After I submitted my opinion piece to “Enduring Gloucester” about gentrification’s numerous downsides, and how those downsides have impacted coastal communities I’ve lived in and loved, from Provincetown to Portsmouth, I introduced a couple of old friends here in Provincetown to “Enduring Gloucester”.
They lamented that a similar forum does not exist here. As middle and lower income, largely three season workers in the community’s tourism-based economy, they are finding basic survival here increasingly difficult—and very few among the more well to do “political class” that runs the town, as liberal and progressive as they all claim to be, seems to care not a whit.
By basic survival, I primarily mean the ability to find year round housing they can afford to rent or, if they are lucky enough to have bought something in years past, to earn enough money via the tourism and retail driven economy to properly maintain their homes and afford the ever escalating property taxes.
In the not quite three weeks since I have been here, I have been saddened to hear how many people I met and knew through the years, some of them Provincetown’s most interesting and creative residents, have moved on. Some sold their homes because they did not earn enough in retail and tourism to maintain them, pay ever higher property taxes, and also put food on the table. Others left because the constant fear of being asked to move, yet again, when a property is sold or another apartment is converted into a condo and the rent sent into the stratosphere, even in the dead of winter, has proven to be just too stressful—especially for people who have lived in and contributed to Provincetown for years and now feel as if the town, or at least the affluent newcomers who have bought up so much of the town in recent years and the political class that does their bidding, neither appreciate their contributions nor the town’s long history of being a place where all are welcome.
Conversations with my friends, sadly, confirmed my observation about Provincetown being a place that celebrates “tolerance and diversity” only so long as it is gay, affluent, and overwhelmingly white, was not as off the mark as I may have once thought.
That realization got me thinking about the gay community itself and what I have come to see as an issue no one in the community, or very few, ever think about—let alone talk about, at least openly.
The issue I am referring to is classism and, I dare say, it is so pervasive in the gay “community” that it makes a mockery of the very notion that a gay “community” truly exists.

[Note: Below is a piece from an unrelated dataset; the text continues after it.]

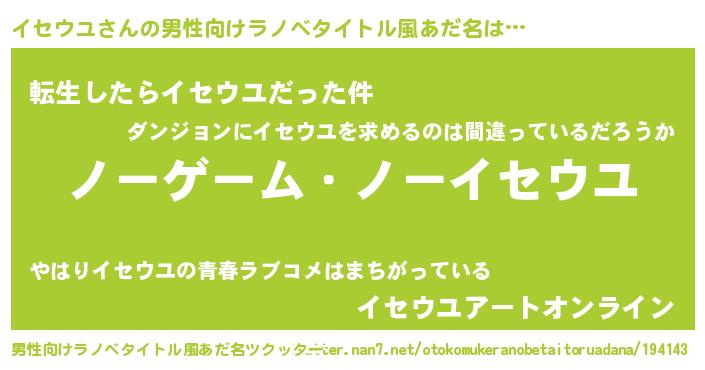 | 女子向けラノベタイトル風あだ名 | 『死神イセウユの再婚』 |
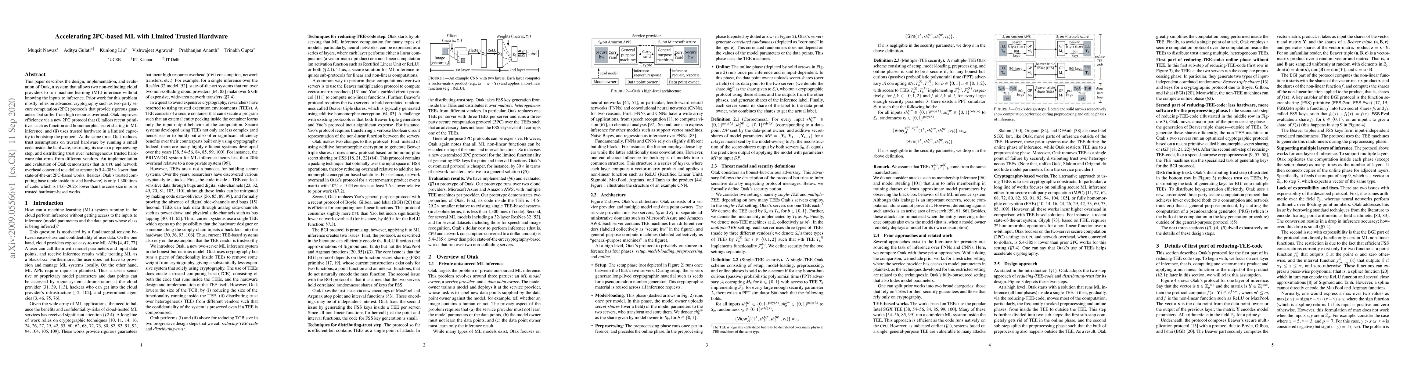 Otak accelerates machine learning inference by using a new 2PC protocol that leverages trusted hardware in a limited capacity, reducing overhead by up to $385 times.

I first thought about this “ism” within my own “community” on a warm summer night in 1991. My roommate, the late John Barnes, and I were driving home to 51 Fort Square from a swanky fundraiser for what was known then as the North Shore AIDS Health Project. The event was held at the elegant Annisquam home of a very affluent gay male couple.
As we were driving home on Washington Street, Johnny said to me, “You know, Mike, you fit in at the party. It’s that ‘preppy’ look of yours. But if I didn’t have AIDS and wasn’t needed as a ‘token’ for fundraising purposes, those two queens would never have invited me to a party at their house, unless it was to hook up for sex. ”
At first, I dismissed what Johnny had to say or, more accurately, I didn’t want to believe it. But in the years since John died in 1992, and as a result of the things I have seen in the ensuing years, I have to admit that, by and large, Johnny Barnes was right on the money.
But back to classism more generally.
I think it is very much in play in Gloucester today as the once solid lower and middle income communities the fishing industry nurtured find themselves in positions not unlike many people here in Provincetown.
The strength of those lower and middle income fishing industry related communities served as a bulwark against the kind of gentrification that has transformed Provincetown, Portsmouth, and Newburyport into mere caricatures of their once authentic selves and into some of the most expensive small coastal communities in which to live in the nation.
But today, that strength is waning; creating a vacuum far too many of Gloucester’s already well heeled—be they politically liberal or conservative, Democrat or Republican—seem to think will be best filled by transforming Fort Square into Louisburg Square by the Sea and “Portagee” Hill into Beacon Hill by the Bay.
Last May I attended that bastion of Cape Ann liberalism’s premier event – the Democratic City Committees’ annual Sunday brunch.
I was both shocked and saddened to hear so many people who I’d long thought of as liberals like myself expressing their support for the kind of gentrification that was then exemplified by the imminent plans to tear down the Birdseye building to make way for a billionaire’s “boutique hotel”.
Mike Cook is a long time liberal and gay rights activist who saw the uniqueness of Gloucester from the first moment he drove over the bridge during his move from Cambridge to Cape Ann in 1991 to run NUVA’s AIDS education and services programs.